We have created a machine learning program along with TF-IDF preprocessing in order to determine whether the news is fake or not and use data science to guide our conclusions and explore our dataset (Fall 2020). We are currently pursuing more advanced models using PyTorch (2021). Group Members: Hirish Chandrasekaran, Isha Gokhale, Katie Huynh, Kevin Zhang, Mateo Wang, Priyasha Agarwal. Kennard Peters helped the group for understanding the implementation and theory behind the scikit-learn models.
Video: https://drive.google.com/file/d/1ezW-NzZMqaTOB-a-nXOfkvTgH7eWlAiB/view
Use a dataset provided by DataFlare: https://data-flair.training/blogs/advanced-python-project-detecting-fake-news/ as a starting point for our models. Experiment with different models, starting with a Passive Aggressive Classification Algorithm for Fall. Explore more advanced models using PyTorch Winter and Spring.
Explore project group ideas, look at different data sets. Compare ideas.
Finalize project group members, finalize data set, finalize theme and scope of project as it relates to sentiment analysis.
Start unpacking data, analyzing with pandas/numpy.
Get aquianted with scikit-learn, divide group up into two: group (1) purused a naive bayesian classifier approach using scikit-learn (Isha, Priyasha), group (2)(Hirish, Katie, Kevin) pursued a support vector classifier. Completed a working model, tuned parameters, pickled the SVC model, and commited both model to repository in proper branch. At the end of each meeting both groups explained their respective model and implementation to the other group.
Begin learning PyTorch. Tutorials here: https://pytorch.org/tutorials/, neural networks and backpropogation: https://www.deeplearningbook.org/, in-depth explanation of PyTorch functions: https://www.deeplearningwizard.com/deep_learning/boosting_models_pytorch/forwardpropagation_backpropagation_gradientdescent/. RNN and CNN's on text data using TorchText and PyTorch: https://github.com/bentrevett/pytorch-sentiment-analysis.

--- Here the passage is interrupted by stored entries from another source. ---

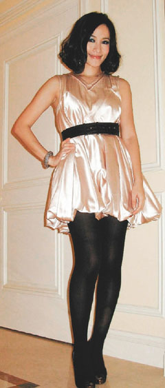 據(jù)臺灣聯(lián)合報報道,名牌服飾商日前專程把全新冬裝空運到香港給Elva試穿,她選中了一款十余萬臺幣的手工小禮服,穿上身后,嫵媚俏麗,彷佛春神提早報到,不過Elva一邊照著鏡子,一邊苦惱地問:“這要怎么御寒。俊鄙頌楦枋,愛美、也要小心不要流鼻水影響表演。
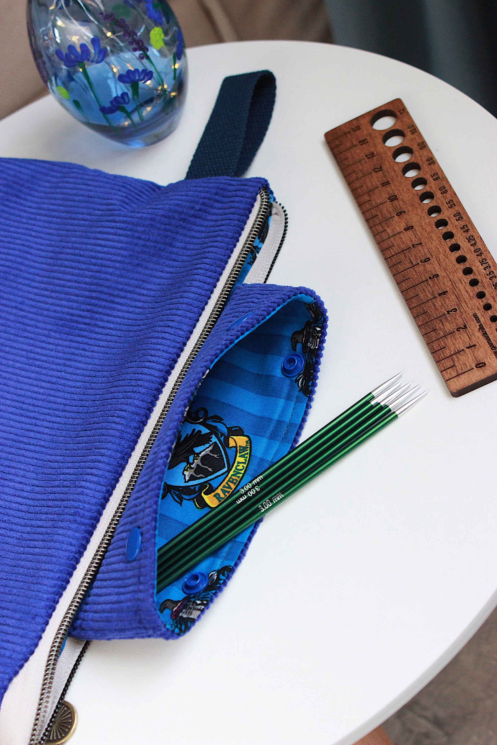 Ravenclaw-Inspired Corduroy Knitting Project Bag with Built-in Needle Holder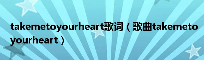 本文,takemetoyourheart歌词,歌曲takemetoyourheart到此就分享完毕,希望对大家有所帮助。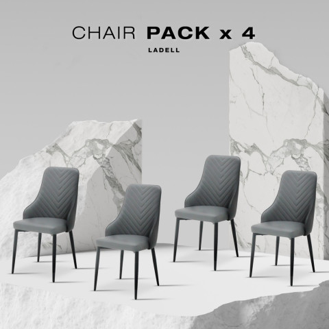 ชุดเก้าอี้ทานอาหาร 4 ตัว รุ่น LADELL หนังสังเคราะห์สีเทา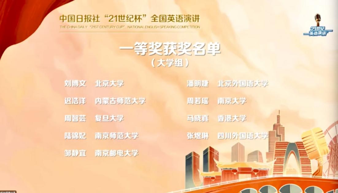 2022105日,第27届中国日报社“21世纪全国大学生英语演讲比赛全国总决赛于线上举行,我校Beat365唯一官方网站2021级潘明婕同学获得大学组一等奖。此前,她通过了校选赛和北京赛区的考验,获得参加全国赛的资格,与来自全国各地的78位选手同台竞技。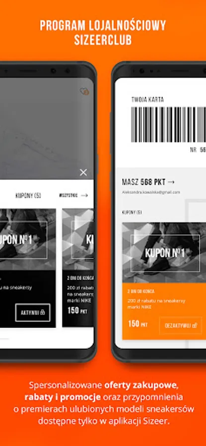 The Sizeer application gives you access to the SizeerClub loyalty program. Collect points, activate coupons and take advantage of unique benefits online and in Sizeer stationary stores. Enjoy privileges reserved exclusively for club members! Personalized in-app purchase offers, discounts and promotions, and reminders of your favorite sneaker launches.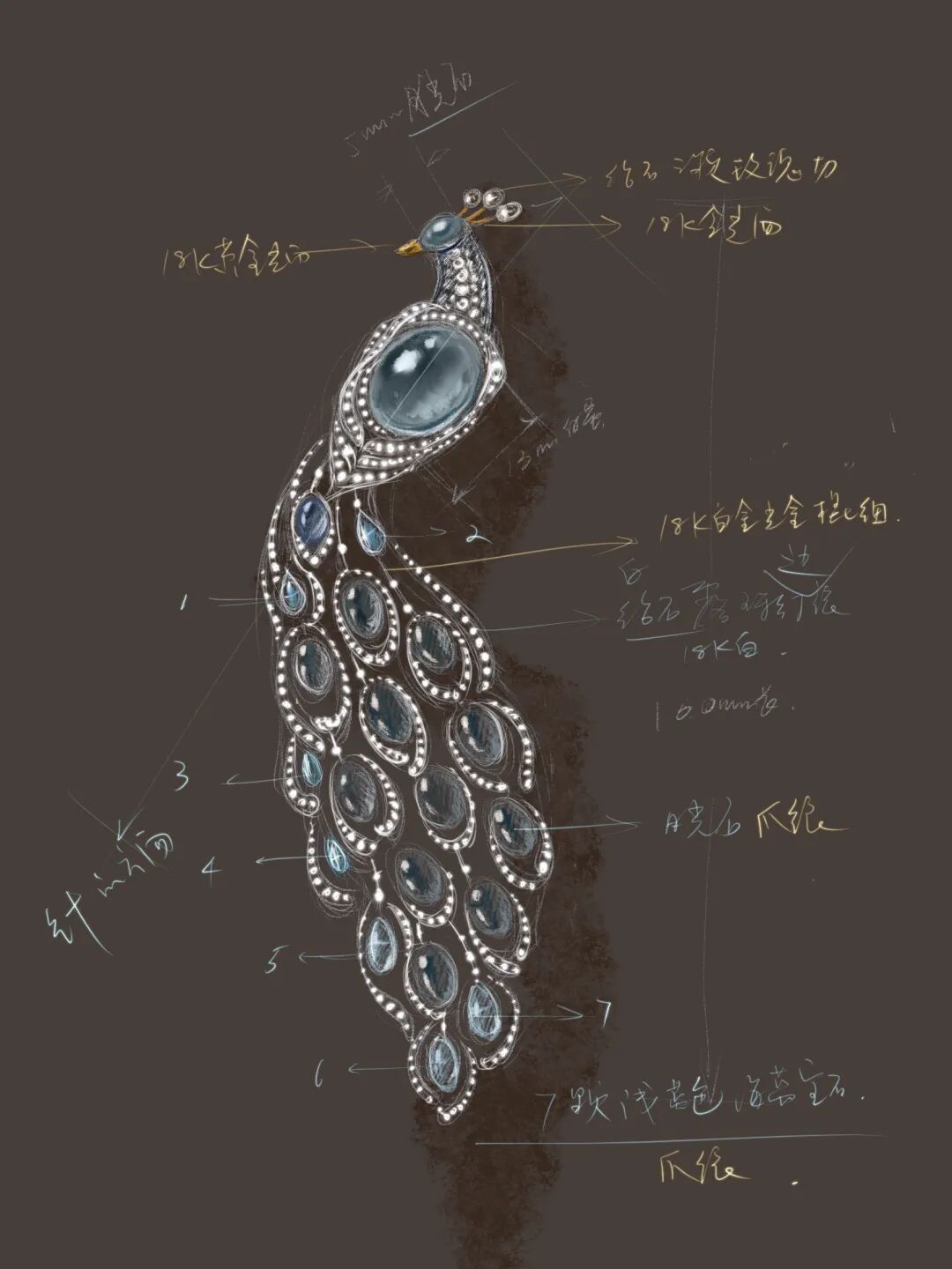 我在孔雀的身体和尾巴之间,设计了一个可晃动的环节,于是整体孔雀在佩戴时候是可以有弧度的,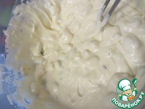 Творог и размягченное сливочное масло тщательно смешать в отдельной посуде. Добавить к яично-сахарной смеси и хорошо перемешать.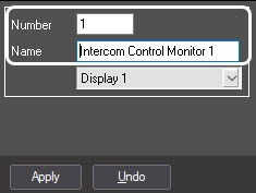 In the opened box, enter the number and name of the Intercom Control Monitor object and then click Apply.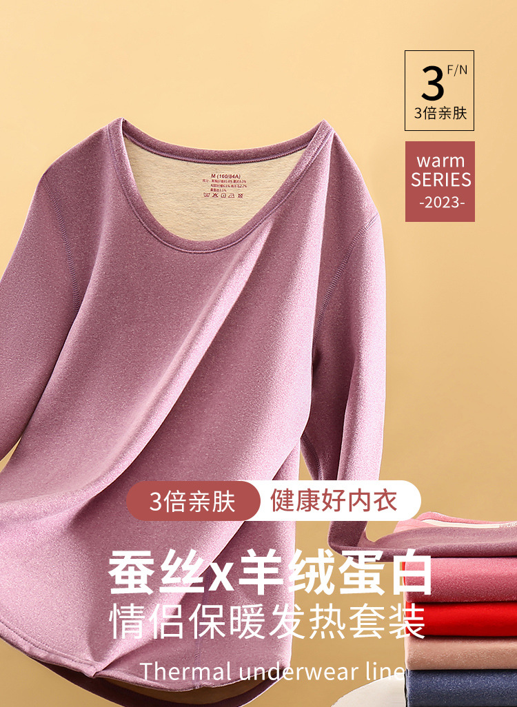 保暖内衣女双面磨毛加绒加厚包边德绒情侣套装蚕丝羊毛男秋衣秋裤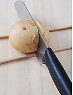 土豆洗净,切成0.5cm的片,底部不要切断。切的时候可把底部垫两支筷子,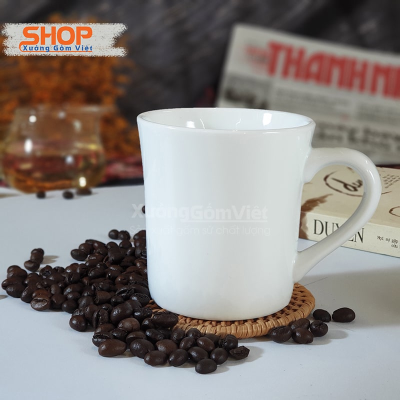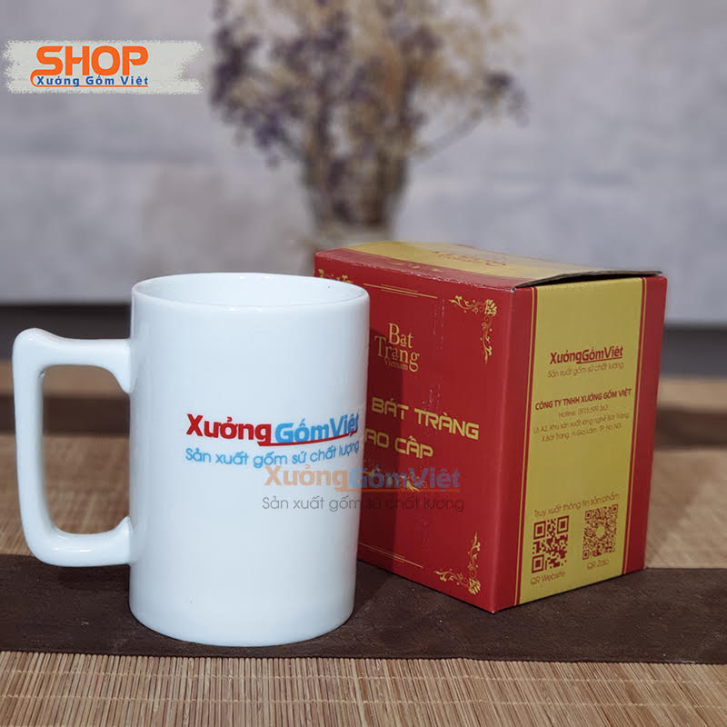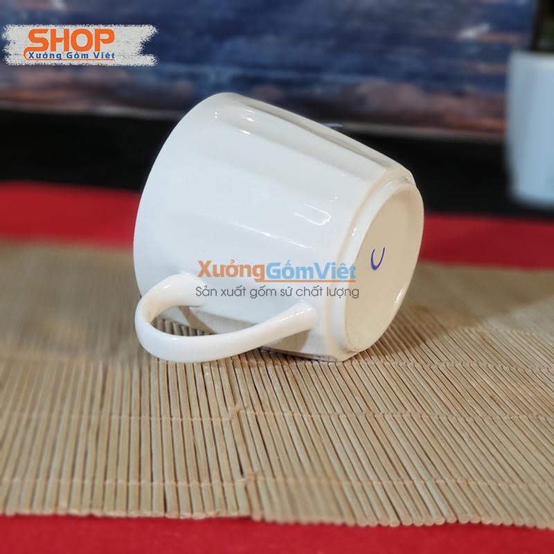 Cốc sứ trắng Bát Tràng in logo Xưởng Gốm Việt

We continued to learn PyTorch, specifically gradient descent and loss functions. Simple feedforward networks and backpropogation were discussed. Tensors: https://pytorch.org/tutorials/beginner/blitz/tensor_tutorial.html#sphx-glr-beginner-blitz-tensor-tutorial-py. Tensors and autograd: https://pytorch.org/tutorials/beginner/pytorch_with_examples.html.
Introduction to RNN's. Kevin/Katie attempted to process data using TorchText. Isha/Priyasha/Hirish focused on learning RNN's in PyTorch.

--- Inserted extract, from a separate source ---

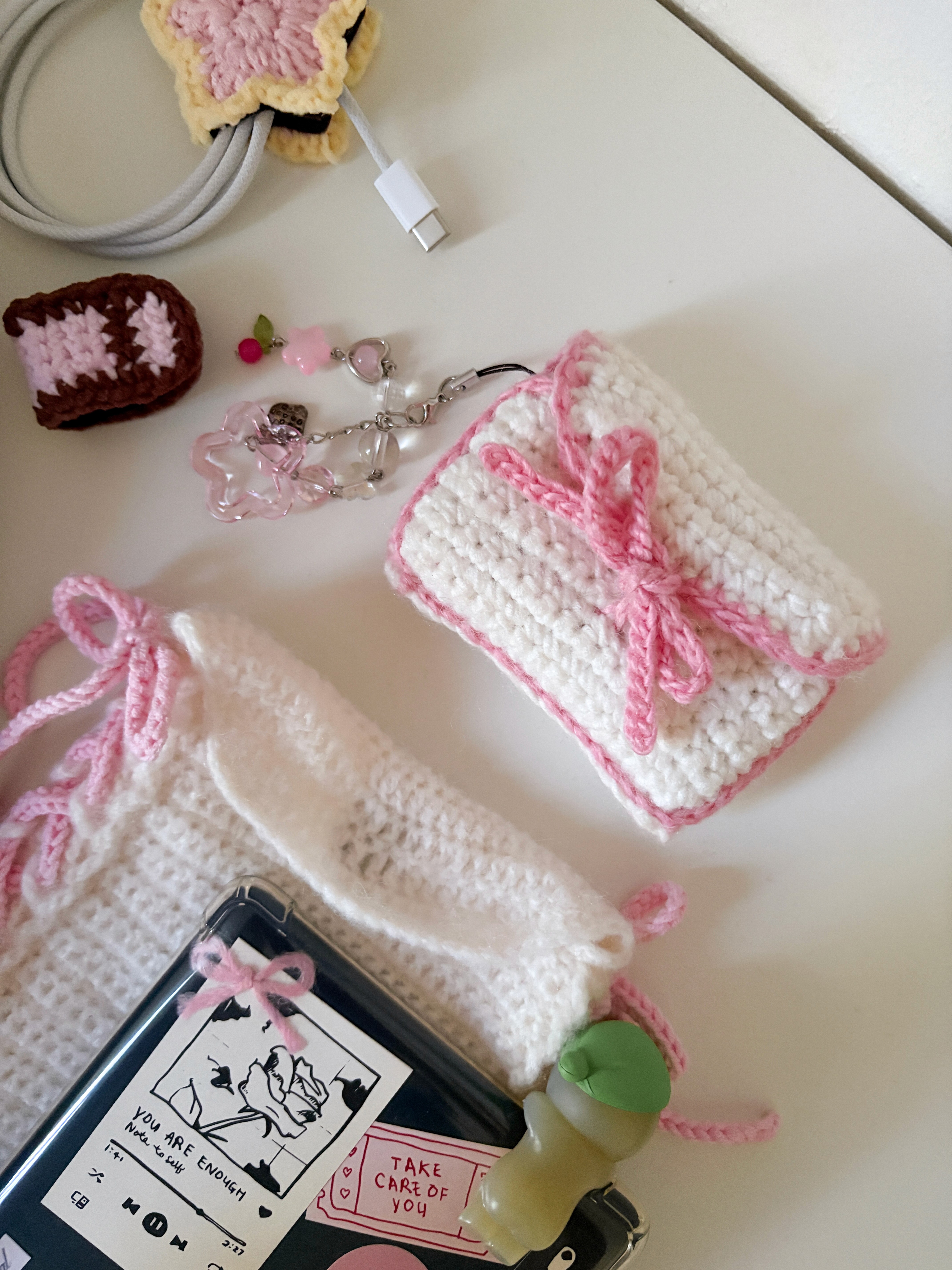 Please do not copy or redistribute this pattern as your own. This lipstick holder and pouch crochet pattern belongs to me, @mucie.studio. You may sell the finished items made using this pattern! Just please give me credit to help support me and my art. This will help me create more patterns for you in the future!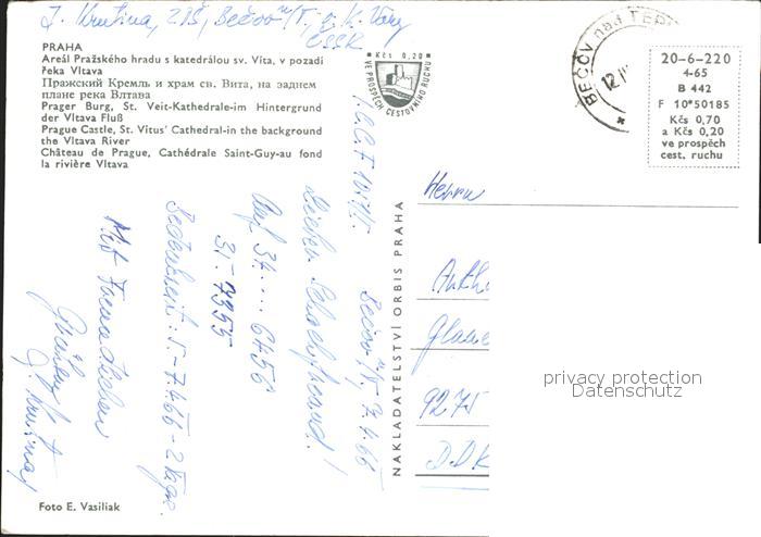 old postcard Praha Prahy Prague Fliegeraufnahme Burg Kathedrale und Vitava postalisch gelaufen Erhaltung siehe scans

Kevin/Katie implement a RNN on our DataFlare data set and get an accuracy score. Isha/Hirish continue to work on CNN and also get a an accuracy score.
Kevin/Katie/Priyasha continue to improve RNN. Isha/Hirish get an accuracy score for CNN.
The RNN is updated after running into bugs and the CNN has its code explained with comments. Done with our project!
DataFlare, Kaggle
Python (pandas, scikit-learn, matplotlib) for algorithm and loading/manipulating data. PyTorch and TorchText for more customizable models.